To add insult to injury (or, more accurately, injury to insult), Plante finally emerged days after the imbroglio started, claiming that he had been hospitalized after slipping and hitting his head. In a phone conversation with San Francisco, he admitted that “mistakes were made,” but asserted that he’d had nothing to do with the decision to revoke Manning’s invitation. He was adamant, however, that the decision would stand, echoing the SF Pride board’s latest rationale for its earlier stance: Because Manning doesn’t reside in San Francisco, he is disqualified under Pride’s bylaws from serving as a community grand marshal. Plante also told the magazine that the disciplined staffer, whom he refused to name (but whom several sources identified as SF Pride veteran Joshua Smith), had been fired.
If true, Plante’s claims may only inflame passions further, adding fuel to the gay community’s smoldering unease about the future of SF Pride itself. Besides being annoyed by the sloppy way the affair was handled, many Pride die-hards complain that political correctness is threatening to overtake an event long rooted in rebellion. “If you think about all the people who could be considered offensive, the list is as long as the parade itself,” says Calvin Gipson, one of at least four former SF Pride presidents opposed to Manning’s removal.
Others, including activist Gary Virginia, who served as a grand marshal last year, say that the organization’s credibility is at stake. “If Pride’s leadership is going to screw up something like this,” he says, “how can we expect them to manage a two-day celebration that draws a million people?” Virginia and others also worry about damage to SF Pride’s image and future fundraising.
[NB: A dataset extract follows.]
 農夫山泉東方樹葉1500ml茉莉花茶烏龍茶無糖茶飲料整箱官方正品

Indeed, the Manning debacle couldn’t have come at a worse time for SF Pride, a mere four months after the arrival of a new leader who everyone hoped would lift the group’s profile and morale. “It’s just really a disappointment,” says Cain, who was part of the search committee that brought Plante in to work under board president Williams. “What impressed me about Earl was his broader political understanding that LGBT issues go beyond gay marriage and gays in the military and include social equality and economic justice. In short, he sounded like the kind of guy who would never let this happen.”
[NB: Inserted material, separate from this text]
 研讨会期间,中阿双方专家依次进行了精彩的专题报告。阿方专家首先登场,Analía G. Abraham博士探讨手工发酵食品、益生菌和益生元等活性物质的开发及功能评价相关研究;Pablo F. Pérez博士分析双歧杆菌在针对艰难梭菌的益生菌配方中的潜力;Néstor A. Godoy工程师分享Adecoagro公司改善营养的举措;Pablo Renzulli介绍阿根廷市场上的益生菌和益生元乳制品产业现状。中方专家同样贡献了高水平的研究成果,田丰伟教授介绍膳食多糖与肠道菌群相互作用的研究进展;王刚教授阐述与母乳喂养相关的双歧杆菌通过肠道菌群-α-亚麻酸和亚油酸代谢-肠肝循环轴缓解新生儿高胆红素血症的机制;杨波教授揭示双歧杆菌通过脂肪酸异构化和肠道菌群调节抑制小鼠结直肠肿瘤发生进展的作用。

Although Williams caught the brunt of the early criticism, and her name alone was attached to the press release doubling back on Manning’s appointment, Plante’s role has also left SF Pride supporters scratching their heads. Although the new director reportedly took bereavement leave around the time that the controversy erupted (just before his alleged accident), a source close to Pride says that he was still conducting at least some organizational business.
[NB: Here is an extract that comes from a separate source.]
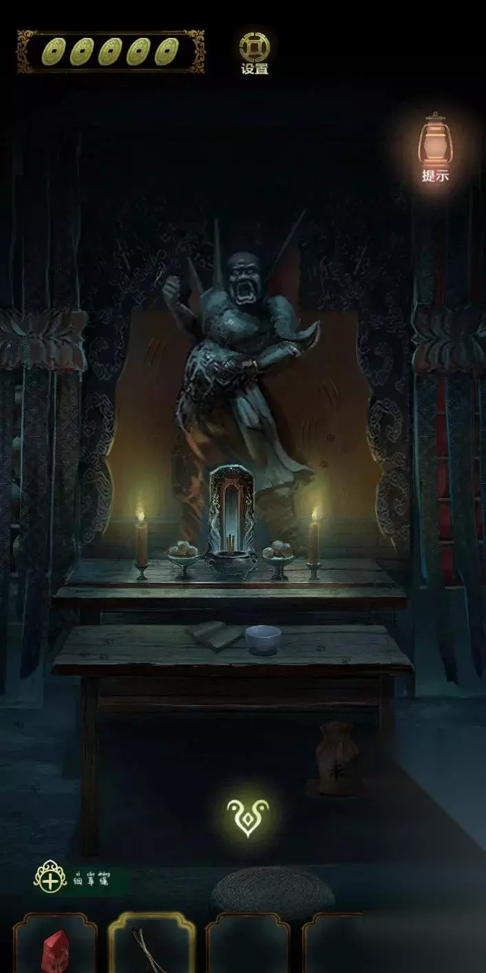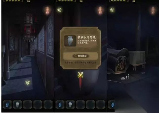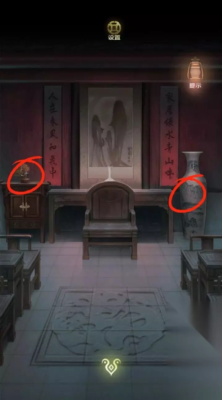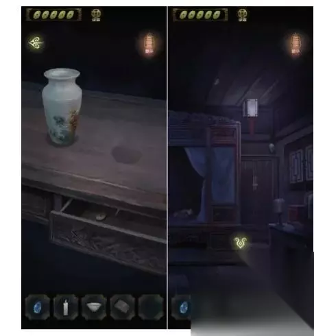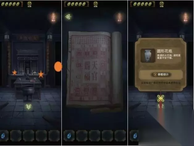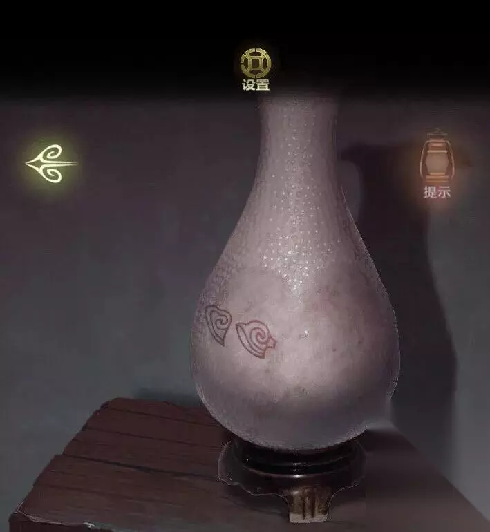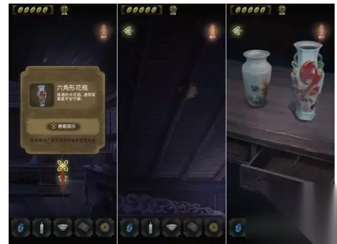 进入祠堂内部,在桌子上获得信息(生肖),点击左边获得花瓶

In any case, many in the gay community have let it be known that they won’t be happy with anything less than Manning’s reinstatement as a grand marshal, something that Pride’s leaders have now resolutely taken off the table. “It’s incredibly disheartening and shameful,” says Rainey Reitman, cofounder of the Bradley Manning Support Network, which claims to have raised more than $1 million to cover the soldier’s legal defense.
Their frustrations will be voiced at this year’s parade by none other than Daniel Ellsberg, whose leaks of the Pentagon Papers hastened the end of the Vietnam War. The 82-year-old activist has pledged to march in Manning’s honor, and Manning supporters have vowed to wear T-shirts showing solidarity.
It could present yet another embarrassment for the organization: a Pride parade in protest of a Pride parade.